From this, it can be said that if saccharification, carbonylation, or nitration of the stratum corneum cell adhesion factor can be suppressed, the stratum corneum detachment can be improved. In addition, if saccharification, carbonylation, or nitration can be decomposed with respect to glycated, carbonylated, or nitrated aggregated and polymerized stratum corneum cell adhesion factor, and can be decomposed by stratum corneum cell adhesion factor degrading enzyme, horns. It can be said that layer peeling can be improved.

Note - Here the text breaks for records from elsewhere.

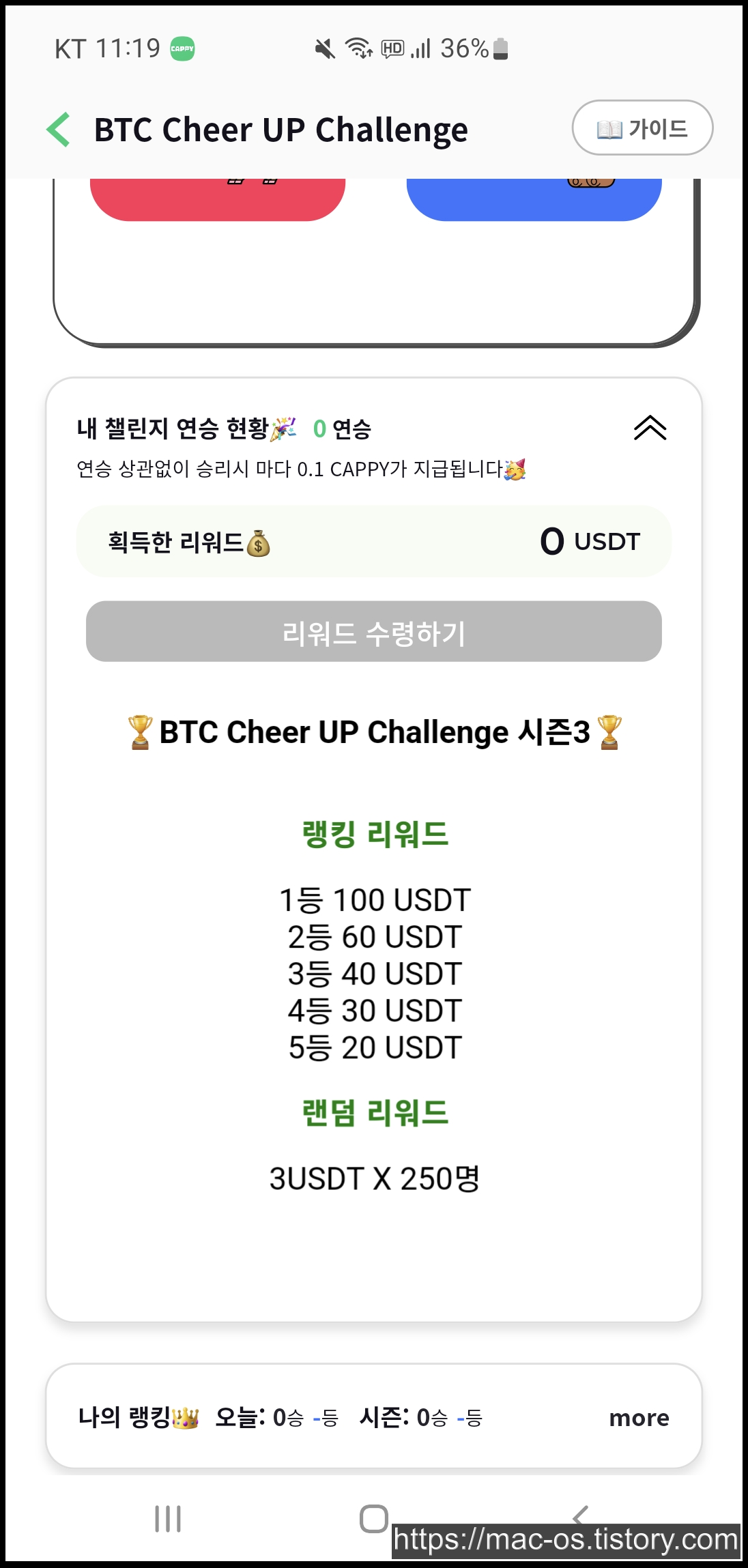 챌린지에서 가격을 맞춘 횟수에 따라 등수가 정해지고 랭킹 1등에 당첨되면 100USDT를 받게 됩니다. USDT는 1달러와 동일한 가치를 지니며 한국 돈으로 계산하면 환율을 고려하여 약 13만3천원 정도가 되겠습니다.
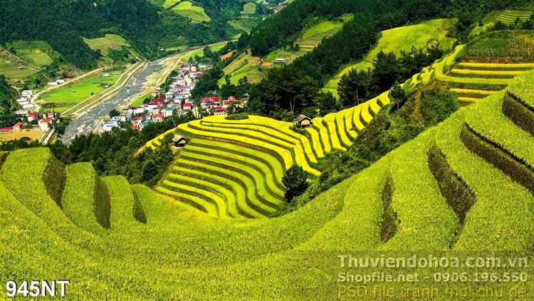 Tranh đồi núi và ruộng bậc thang
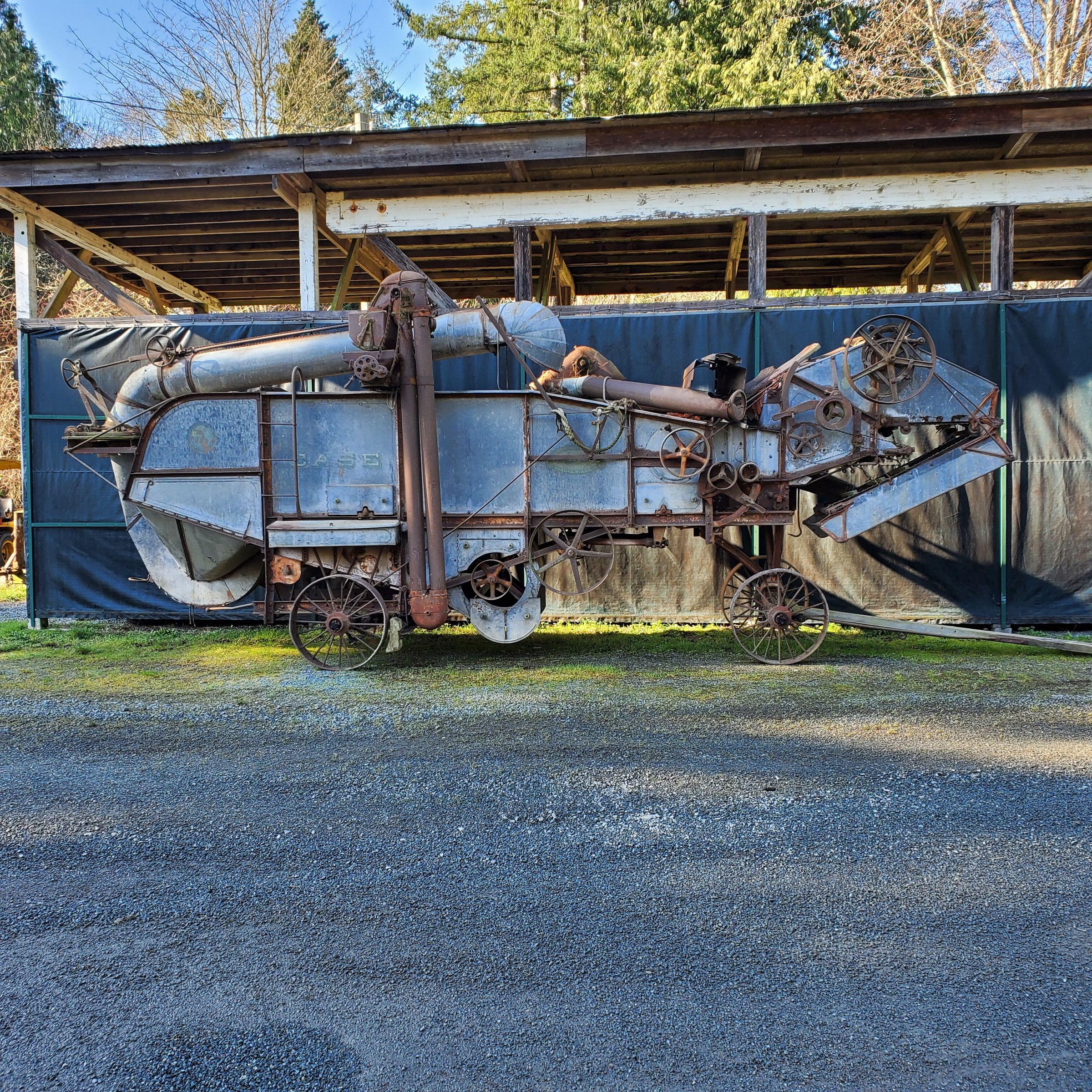 Built between 1912 and 1917 by the J.I.Case Company. This model is a 54 inch with optional brakes with a 32x32 cylinder. It is described as a wind stacker, feeder, #1 wade with cross conveyor and wagon spout. Orginal cost was 960$
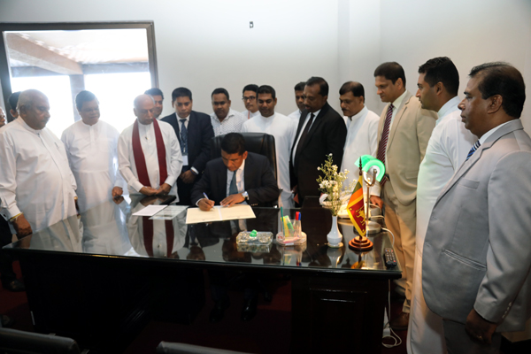 Minister Johnston Fernando after proceeding to the office of the Chief Government Whip was warmly welcomed by the parliamentary staff where he signed documents as the Chief Government Whip assuming his duties.
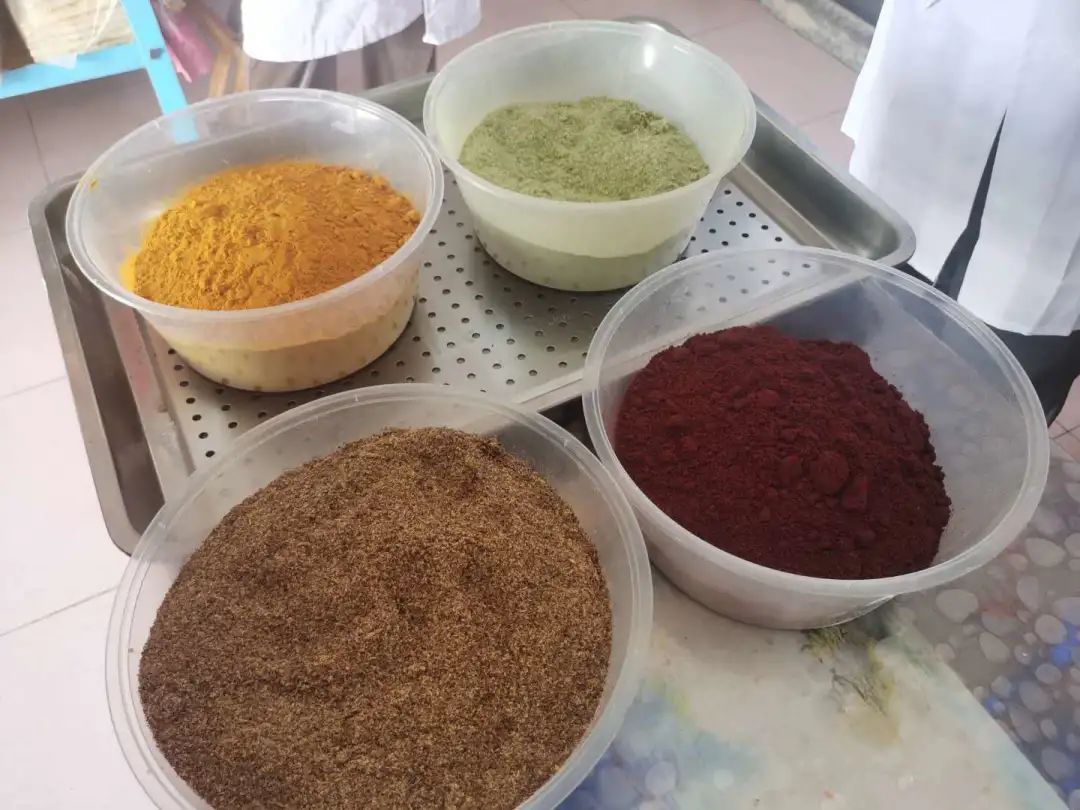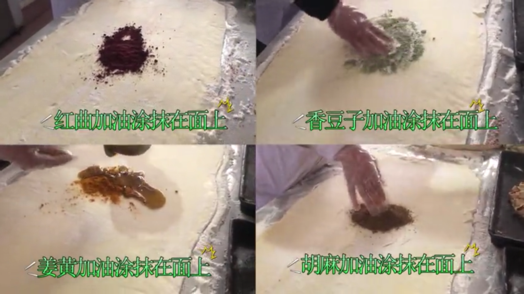 面粉、油、水、香豆子、红曲、姜黄、胡麻等。
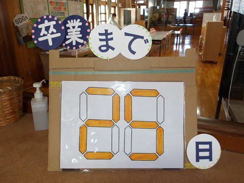 学校の玄関に卒業まであと何日とわかるプレートが置かれました。
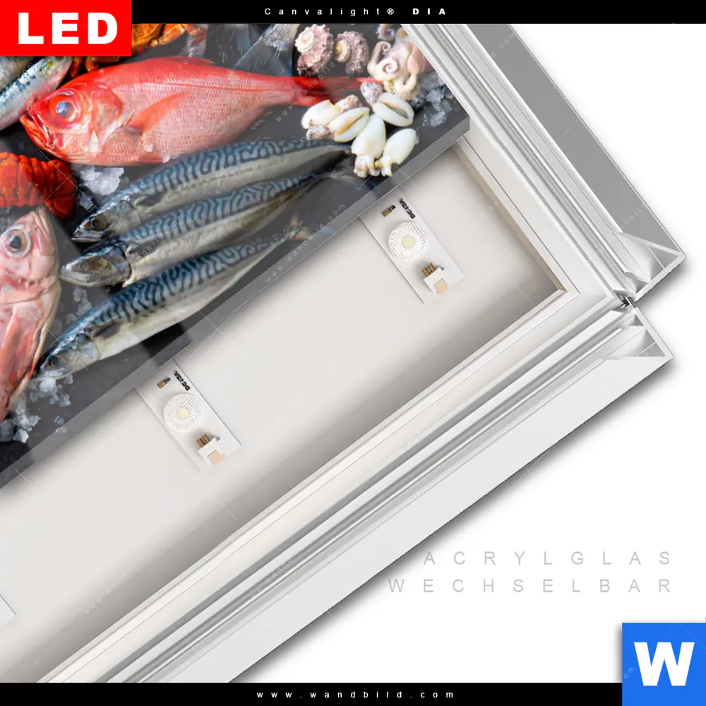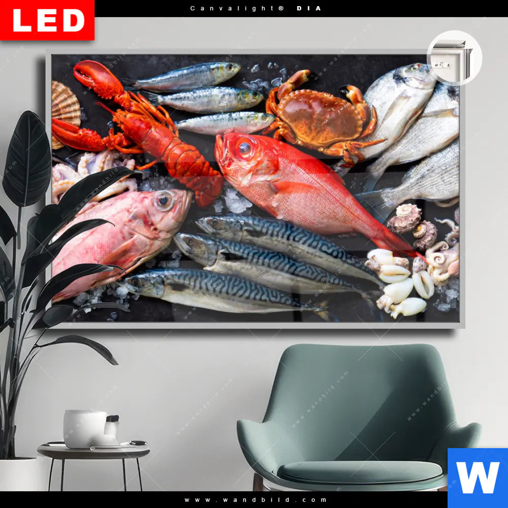 Canvalight® DIA Leuchtbild | Frischer Fisch und Meeresfrüchte | Querformat
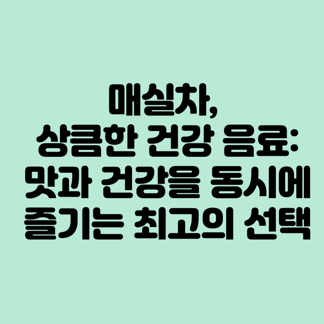 매실차는 그 다양한 영양소와 건강상의 이점으로 매일의 생활에 훌륭한 추가가 됩니다. 매실차와 함께라면, 매일의 일상이 더욱 건강하고 상쾌해집니다. 지금 바로 매실차를 활용한 다양한 음용법을 시도하여, 그 다양한 맛과 건강상의 이점을 모두 즐겨보세요!
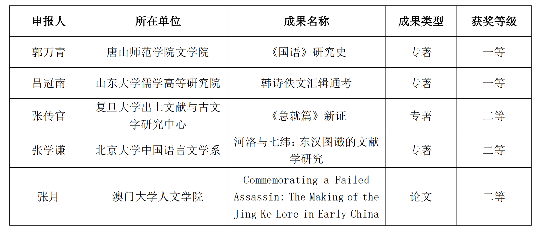 、中国海洋大学、澳门大学、安徽大学、山东师范大学、山东理工大学、安徽师范大学、西安外国语大学、唐山师范学院等多所高校和科研机构青年学者提交的参评成果计20项。成果涵盖先秦两汉文学与文献、中国经学史、出土文献等多个研究领域,品类丰富,质量上乘。本次评审秉持公平、公正、公开的一贯原则,经个人申报、专家外审、评审委员会审议,共遴选出一等奖2项,二等奖3项。
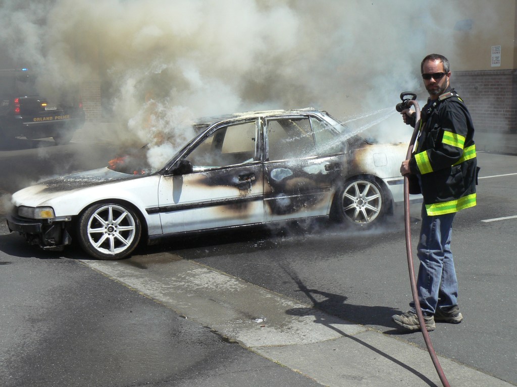 Shortly before noon today, Saturday, Orland firefighters were dispatched to a report of a fully involved vehicle fire at 67 East Walker Street, the address for Metro T-Mobile.
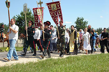 По благословению преосвященнейшего епископа Серафима в Бобруйской епархии проводится акция «Плачущий ангел». В ходе акции, планируется окультурить места, где ранее находились православные храмы, которые были разрушены в советский период. В связи с этим, состоялся крестный ход от Свято-Иверского храма г. Бобруйска в деревню Побоковичи Бобруйского района, целью которого являлось освящение и установка поклонного креста на месте разрушенного Свято-Дмитриевского храма. Активную помощь в организации и участии крестного хода приняли бобруйские казаки. После воскресной Божественной Литургии в Свято-Иверском храме все участники крестного хода в сопровождении настоятеля иерея Сергия Коровинского выдвинулись в путь. Маршрут крестного хода пролегал через деревню Березовичи, далее по Слуцкой трассе до деревни Горбацевичи. В Горбацевичах отец Сергий отслужил молебен перед поклонным крестом, который был установлен ранее на месте разрушенного Свято-Ризоположенского храма в этом селе. После совместной молитвы, крестный ход направился в д. Побоковичи. Храм в честь великомученика Дмитрия Солунского в деревне Побоковичи располагался на местном кладбище. Его еще хорошо помнят люди среднего возраста, так как церковь была разрушена уже в послевоенные годы. На место установки прибыл правящий архиерей Бобруйской епархии епископ Серафим, который и возглавил памятное событие – увековечивание места на котором находился храм поклонным крестом. После краткого молитвословия, владыка поблагодарил участников крестного хода и всех тех, кто принял участия в его организации. На месте установки креста был проведен акт торжественного приема казаков в ряды белорусского казачества. Источник: (просмотров 3454)
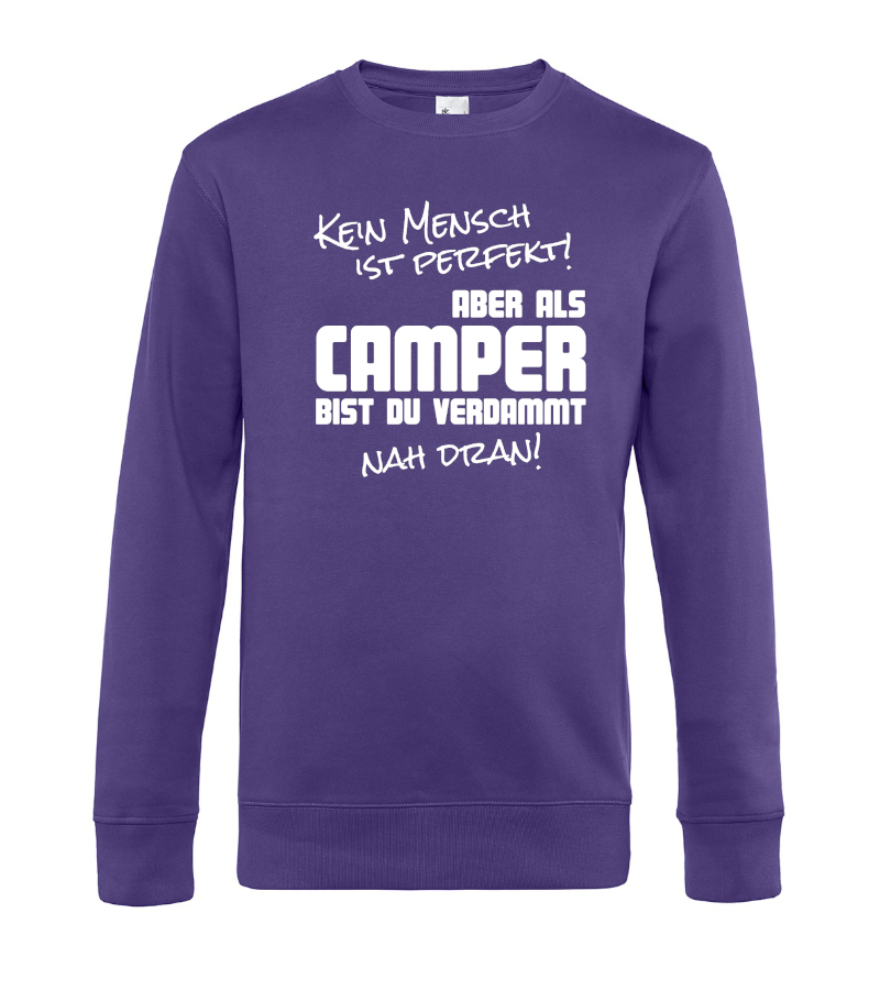 Premium Campingkleidung & Campingausrüstung "Kein Mensch ist perfekt! Camping Sweatshirt / Pullover (Unisex)"

The screening method for a stratum corneum release agent using the aggregation and polymerization of stratum corneum cell adhesion factor as an index in the present invention can be performed as follows, for example, when desmoglein 1 is used.
(1) Desmoglein 1 is mixed with a test solution containing a candidate material or a blank solution not containing the candidate material.
(2) The mixed solution is saccharified, carbonylated or nitrated.
(3) The saccharified, carbonylated, or nitrated product is treated with kallikrein 5, which is a degrading enzyme for stratum corneum cell adhesion factor.
(4) SDS-PAGE is performed using the degrading enzyme-treated product to detect the band.
(5) Each detected band is quantified using image analysis software.
(6) Comparing the amount of aggregated / polymerized desmoglein 1 in the blank solution with the amount of aggregated / polymerized desmoglein 1 in the solution containing the candidate material, the amount of aggregated / polymerized desmoglein 1 The generation rate, suppression rate, decomposition rate, decomposition suppression rate, etc. are calculated from the changes in.
(7) A material that reduces the amount of aggregated / polymerized desmoglein 1 is selected as an effective material according to the purpose.
More specifically, it can be carried out according to the method described in paragraphs 0036 to 0039.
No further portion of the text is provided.